There’s too much focus on confirmation—e.g. if it is false, there must be some update in the opposite direction, but in practice one would just say that “those top 10 AI experts took us seriously and engaged out arguments, which boosts our confidence that we are on the right track”.
I’ll also mention that GiveWell — clearly not a den of MIRI-sympathizers — is effectively doing an external review of some of MIRI’s core assumptions, by way of “shallow investigations” of specific catastrophic risks (among other interventions).
So far, they’ve reviewed climate change, asteroids, supervolcanoes, and nuclear war. None of these reviews cite the corresponding chapters in GCR, perhaps because GiveWell wants to do its own review of these issues that is mostly independent from the Bostromian school (which includes MIRI).
So far, GiveWell seems to have come to the same conclusions as the Bostromian school has about these specific risks, with the major caveat that these are shallow investigations that are “not researched and vetted to the same level as [Givewell’s] standard recommendations.”
I’m pretty excited about GiveWell investigating GCRs independently of the Bostromian school, since (1) I admire the quality and self-skepticism of GiveWell’s research so far, (2) I think GCRs are important to study, and (3) this will provide a pretty solid external review of some of MIRI’s core assumptions about the severity of various x-risks.
Unpack “top 10 AI experts” as “who we think the top 10 AI experts are” and unpack “their primary reasons were” with “we think their primary reasons were”, and this updating will sound a lot more silly, especially if further conditioned by “we do not have a way to show our superiority in a more objective manner”.
Is Paul Christiano’s hard takeoff critique publicly available?
No. It was given over a series of in-person conversations and whiteboard calculations, with only scattered notes taken throughout. Paul does describe his own “mainline AI scenario” here, though.
Ah, thanks.
I still think it would be valuable to hear what relevant, independent AI experts think about these basic assumptions and strategic implications, perhaps accompanied with a detailed theory as to why they’ve come to wrong answers and MIRI has more advanced insight.
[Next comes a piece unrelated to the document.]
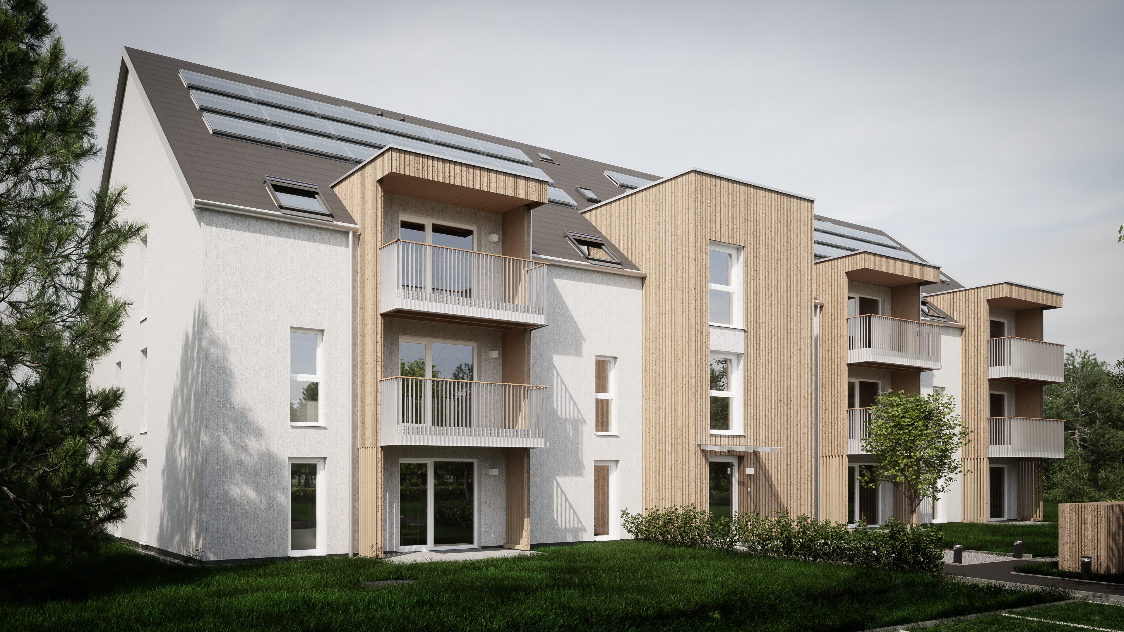Bei dem Projektkonzept und dem Energie- und Ressourcenmanagement wurde ein besonderes Augenmerk auf die Ökologie in Zusammenhang mit der Leistbarkeit für den Endverbraucher gelegt. Das Dachgeschoß welches bisher als 3. bzw. 4. Vollgeschoß ausgeführt wurde, wurde auf Grund der umliegenden zentrumsnahen dörflichen Struktur der Gemeinde Pasching auf ein ausgebautes Dachgeschoß mit Satteldachform adaptiert, sodass sich das Gebäude auch nachhaltig mit dem Kontext arrangiert. Das Gebäude wird als Holzmassivbau mit Putzfassade errichtet. Als Dämmung kommt eine ökologische Holzfaserdämmung zum Einsatz. Nicht tragende Innenwände sind als Trockenbau projektiert.

Well, we can do this for lots of specific cases. E.g. last time I spoke to Peter Norvig, he said his reason for not thinking much about AI risk at this point (despite including a discussion of it in his AI textbook) was that he’s fairly confident AI is hundreds of years away. Unfortunately, I didn’t have time to walk him through the points of When Will AI Be Created? to see exactly why we disagreed on this point.
This will all be a lot easier when Bostrom’s Superintelligence book comes out next year, so that experts can reply to the basic theses of our view when they are organized neatly in one place and explained in some detail with proper references and so on.